Schwarzenegger, 65, says he had sex with his housekeeper in 1996, when Shriver and their children were on vacation and he was home finishing the movie "Batman & Robin."
The affair, which resulted in a child, was hidden by Schwarzenegger for more than a decade, until Shriver confronted him in a meeting with a marriage counselor the morning after he left office.
"The minute we sat down, the therapist turned to me and said, 'Maria wanted to come here today to ask about a child - whether you've fathered a child with your housekeeper Mildred,' " Schwarzenegger says in the book.

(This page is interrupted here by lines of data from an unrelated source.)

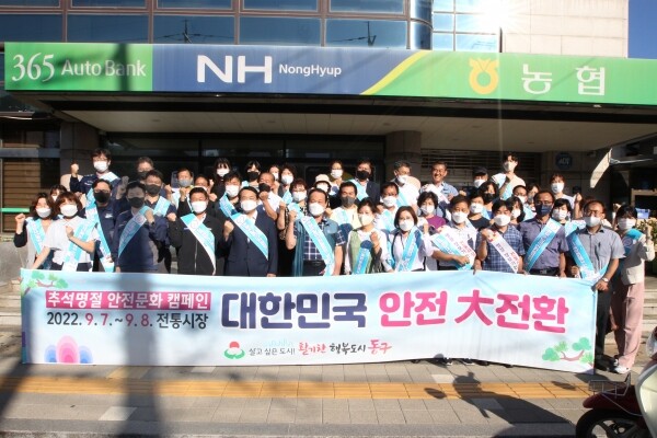 이번 캠페인은‘대한민국 안전 대전환’을 위한 안전 문화 운동으로 구민들의 안전의식을 높이기 위해 전통시장 장보기 행사를 병행해 실시해 유관기관, 단체, 공무원 등 80여명이 참여했다.
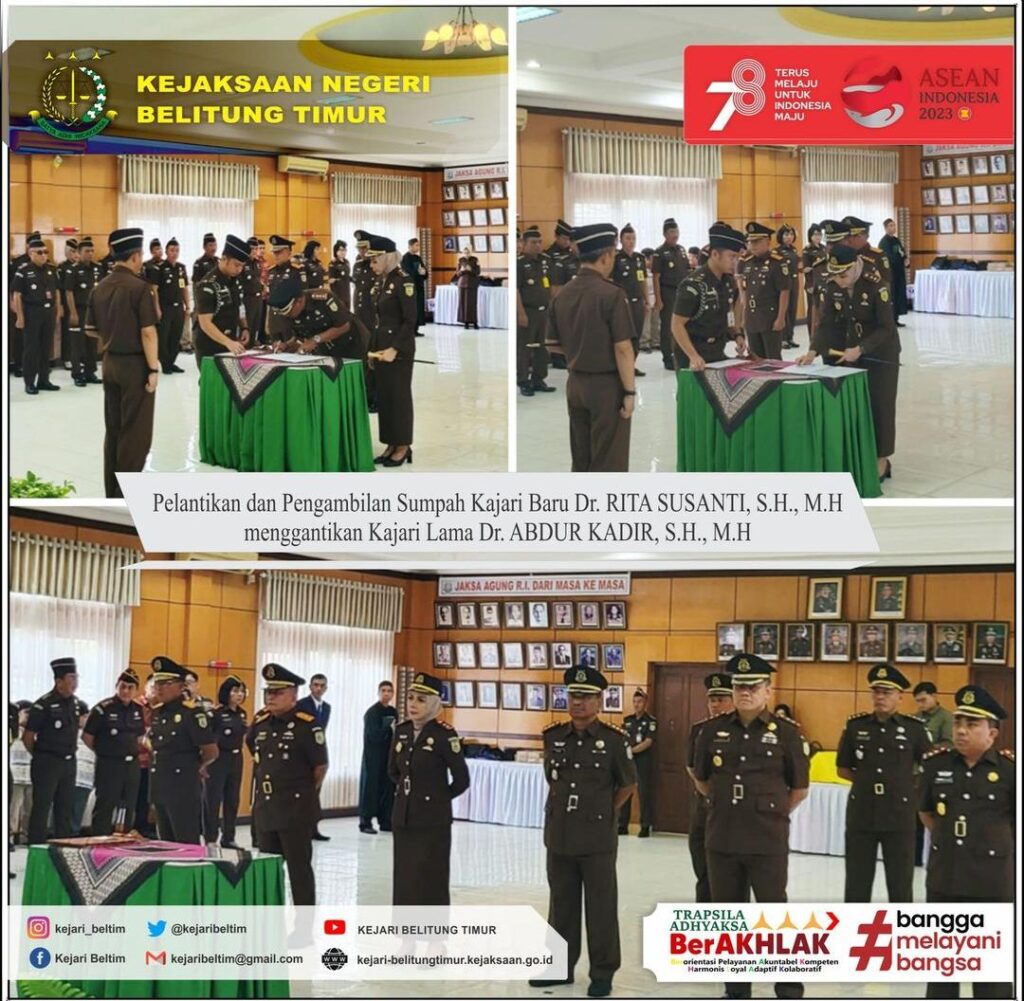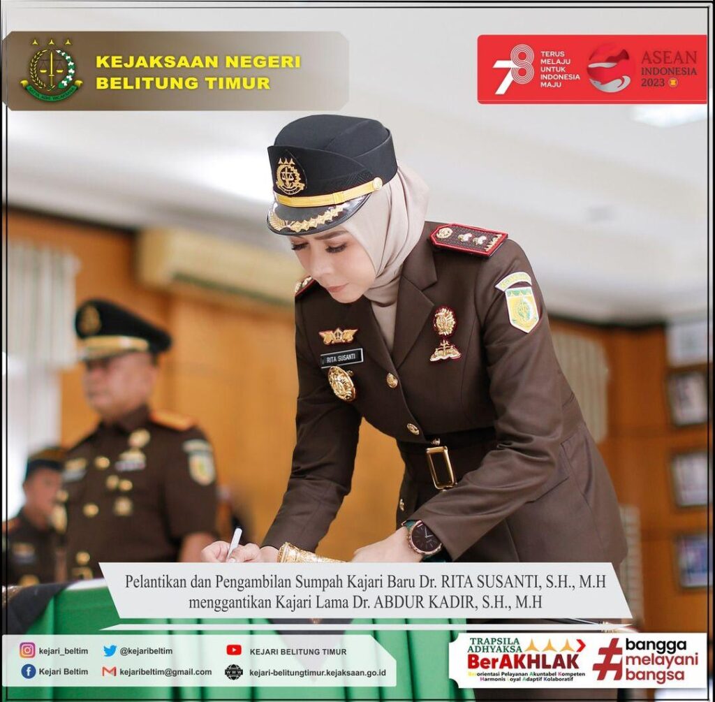 Dr. Rita Susanti, S.H., M.H. yang sebelumnya menjadi Koordinator di Kejaksaan Tinggi Sumsel diberikan tanggung jawab sebagai Kepala Kejaksaan Negeri Beltim menggantikan Dr. Abdur Kadir S.H., M.H. yang mendapat tanggung jawab menjadi Asisten Pembinaan pada Kejaksaan Tinggi Papua Barat.
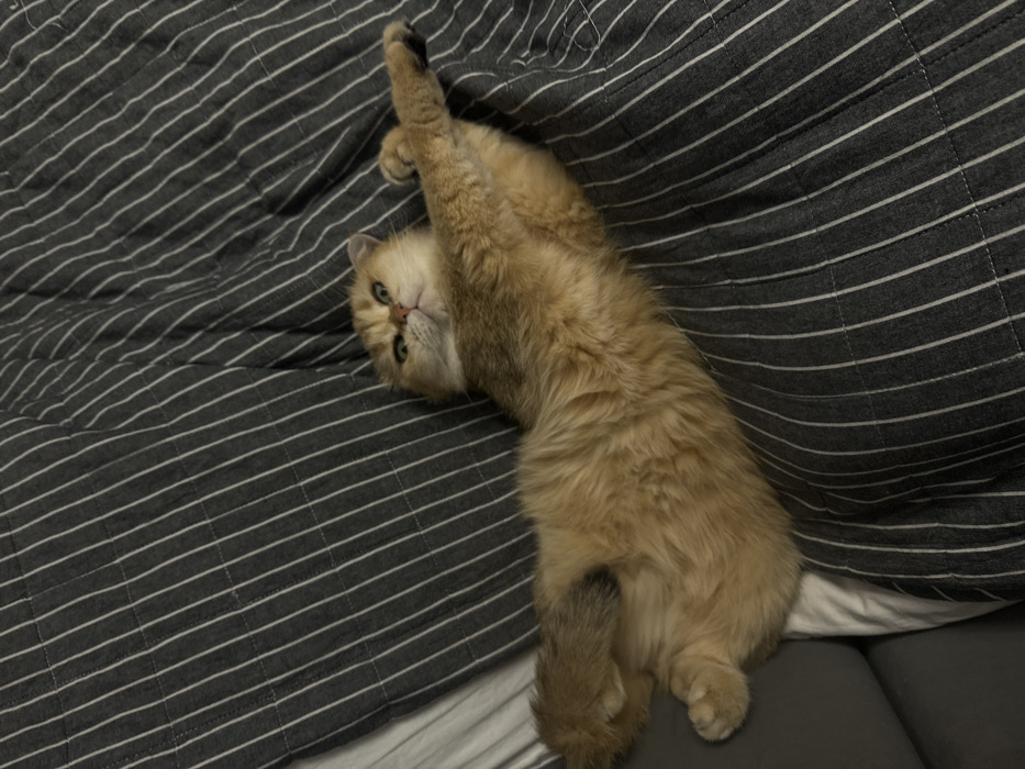 An indoor scene in Akulovo (Gp Kubinka), Russia, features a single domestic cat. The cat, exhibiting golden-orange fur and green-yellow eyes, is positioned on its back on a dark grey textile surface with vertical white stripes. Its right front paw is extended upward, bent at the wrist, and its rear paws are curled. The cat's facial muscles are contracted, presenting narrowed eyes and a partially open mouth exposing teeth. A solid dark grey fabric surface is visible to the left of the cat.
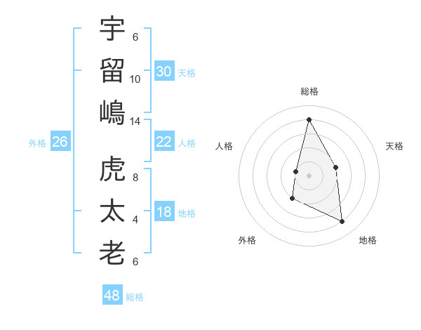 宇留嶋 虎太老さんを姓名の画数から五運を鑑定
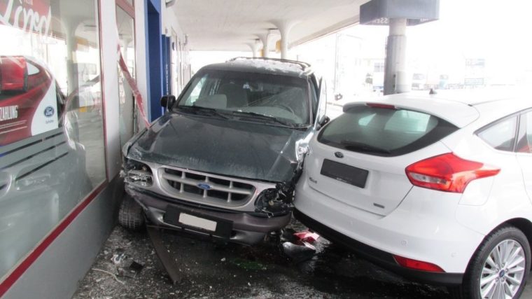 Beim frontalen Zusammenstoss zweier Autos am Montag im glarnerischen Näfels sind beide Fahrzeuge total beschädigt worden. Ebenfalls erheblich beschädigt wurden ein Ausstellungsauto und eine Scheibe. Ein Fahrer erlitt Prellungen.
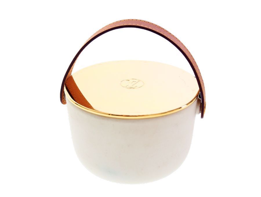 ルイヴィトンのアロマキャンドルです。ゴールドの蓋の中央にはLVのロゴが入っており、白の陶器製キャンドルカバーのセンターにはLOUIS VUITTONのロゴが刻まれ、ストラップにはレザーのヌメ革が取り付けられており高級感いっぱいのアロマキャンドルになります。数回使用されていて芯は黒くなっていますが蓋を開けただけでもほのかにアロマが香るので、お部屋に飾っておくだけでもとても素敵な空間になる事間違いなしです。

"In the initial instant, when time seemed to stand still, I said to myself, 'Well, Arnold, you wanted to tell her. Surprise! This is it. Here's your moment. Maybe it's the only way you'd ever have the nerve.'
"I told the therapist, 'It's true.' "
Schwarzenegger acknowledges another "hot affair" years earlier with actress Brigitte Nielsen, when he and she were filming the 1985 movie "Red Sonja."
Schwarzenegger says the affair, which occurred while he was in a relationship with Shriver, was a "fling" that only "underlined what I already knew: I wanted Maria to be my wife."
He says he is still in love with Shriver and is optimistic about a reconciliation.
Shriver, of the prominent Kennedy clan, moved out of the family's Brentwood home and filed for divorce last year.
A Shriver spokesman declined to comment.
The revelation of the affair briefly set back Schwarzenegger's return to acting, but he appeared recently in "The Expendables 2" and has two upcoming movies, "The Tomb" and "The Last Stand."
At the conclusion of his "60 minutes" interview Sunday, Schwarzenegger was asked if he was "just moving forward again now? Just plow ahead?"
"If you would have asked me 10 years ago, five years ago, two years ago, what is the most important thing in my life, I would tell you over and over, 'It's my marriage, it's my family,' " Schwarzenegger said. "So the thing that really meant the most to me kinda fell apart because of my doing. That is something that I will always look back and say, 'How could you have done that?' "
In the promotion of his book and of his institute, Schwarzenegger once again is selling. It is a trade he practiced while peddling ice cream near his childhood home in Austria and marketing supplements as a bodybuilder.